Noeud:What Gperf is, Noeud « Next »:, Noeud « Previous »:Looking for Keywords, Noeud « Up »:Scanning with Gperf



What Gperf is

Gperf is a generator of small and fast recognizers for compile-time fixed sets of keywords. Unless specified differently through command line options, the result is C code consisting of a static hash table and a hash function optimized for a given set of keywords. There is no restriction on the use of its output, v.g., no license is imposed on its output.

This recognizer is typically used to discriminate reserved words from identifiers in compilers. The GNU Compiler Collection to GCC (FIXME: ref to GCC.), GCC, uses it at least for Ada, C, C++, Chill, Java, Modula 2, Modula 3, Objective C, and Pascal. GNU Indent also bases its keyword recognition on Gperf, but its uses are not limited to programming languages. For instance makeinfo, the Texinfo to Info translator, uses it to recognize its directives. Finally, it proves itself useful for handling sets of options, especially because it provides a very convenient interface --performance is less likely to matter. For instance GNU a2ps uses Gperf to read its configuration files, GNU Libiconv, the GNU character set conversion library, uses Gperf to resolve more than three hundred aliases such as 11 different names for ASCII.

A hash function is a fast function which maps any member of a k element user-specified keyword set K onto an integer range 0..n - 1. The result integer, called hash code, is then used as an index into an n element table containing the keywords, sorted according to their hash code.

A hash function is perfect if no two keywords have the same hash code, in other words if the result hash table is collision-free. This means that at runtime time cost is reduced to the minimum: examining a single string at runtime suffices. For perfect hash table, we have n >= k. A hash function is minimal when its space cost is reduced to the minimum: n = k.

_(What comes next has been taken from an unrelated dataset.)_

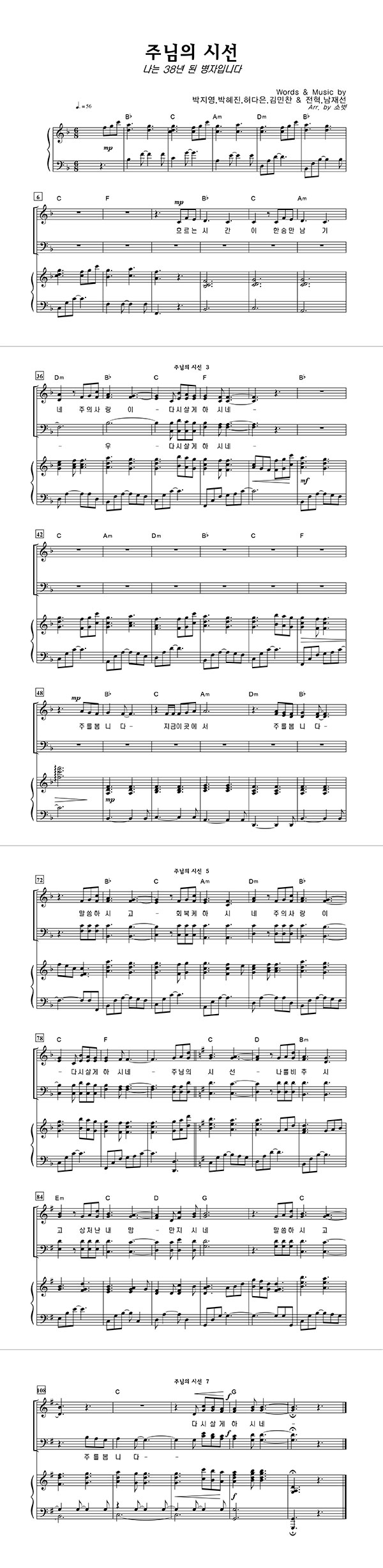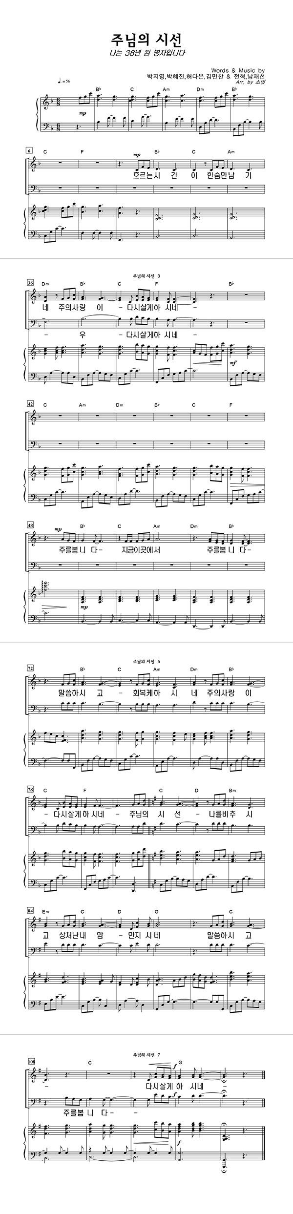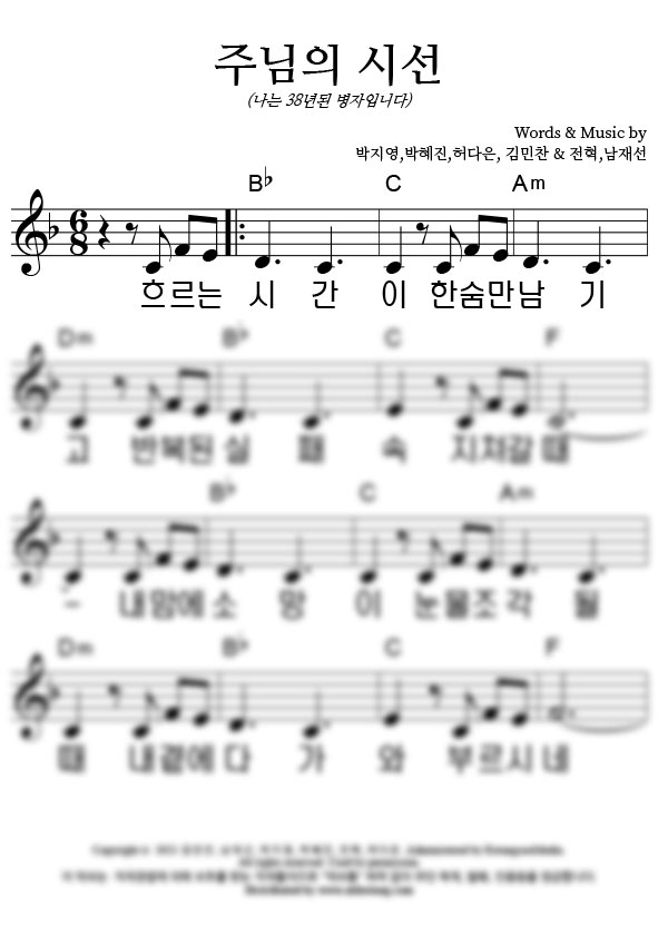 '주님의 시선 (부제 : 나는 38년 된 병자입니다) Wait On You' 의 다른 악보형식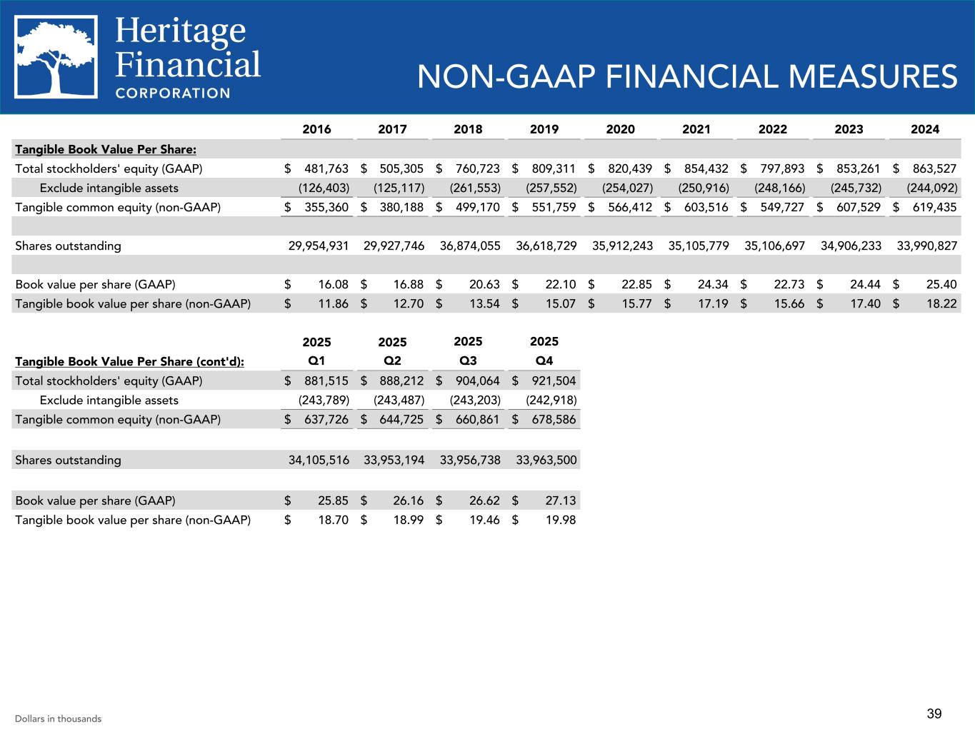 38 NON-GAAP FINANCIAL MEASURES 2022 2023 2024 2025 Q4 2024 Q1 2025 Q2 2025 Q3 2025 Q4 2025 Diluted Earnings per Share and Adjusted Diluted Earnings per Share: Net income (GAAP) $ 81,875 $ 61,755 $ 43,258 $ 67,532 $ 11,928 $ 13,911 $ 12,215 $ 19,169 $ 22,237 Exclude (gain) loss on sale of investment securities, net 256 12,231 22,742 10,741 3,903 3,887 6,854 — — Exclude gain on sale of branch including related deposits, net — (610) — — — — — — — Exclude merger related costs — — — 1,020 — — — 635 385 Exclude gain on sale of premise and equipment (403) — (1,552) (8) (23) (3) (5) — — Exclude tax effect of adjustments 31 (2,440) (4,450) (2,468) (815) (816) (1,438) (133) (81) Exclude BOLI restructuring costs included in BOLI Income — — 508 — 508 — — — — Exclude tax expense related to BOLI restructuring — — 2,371 515 2,371 — 515 — — Adjusted net income (non-GAAP) $ 81,759 $ 70,936 $ 62,877 $ 77,332 $ 17,872 $ 16,979 $ 18,141 $ 19,671 $ 22,541 Average number of diluted shares outstanding 35,463,896 35,258,189 34,899,036 34,456,904 34,553,139 34,506,238 34,446,710 34,413,386 34,405,793 Diluted earnings per share (GAAP) $ 2.31 $ 1.75 $ 1.24 $ 1.96 $ 0.34 $ 0.40 $ 0.36 $ 0.55 $ 0.65 Adjusted diluted earnings per share (non- GAAP) $ 2.31 $ 2.01 $ 1.80 $ 2.24 $ 0.51 $ 0.49 $ 0.53 $ 0.56 $ 0.66 Dollars in thousands

Usually time optimality is more important than space optimality, and fortunately it is easier to generate perfect hash functions than minimal perfect hash functions. Moreover, non-minimal perfect hash functions frequently execute faster than minimal ones in practice. This phenomenon occurs since searching a sparse keyword table increases the probability of locating a "null" entry, thereby reducing string comparisons. gperf's default behavior generates near-minimal perfect hash functions for keyword sets. However, gperf provides many options that permit user control over the degree of minimality and perfection.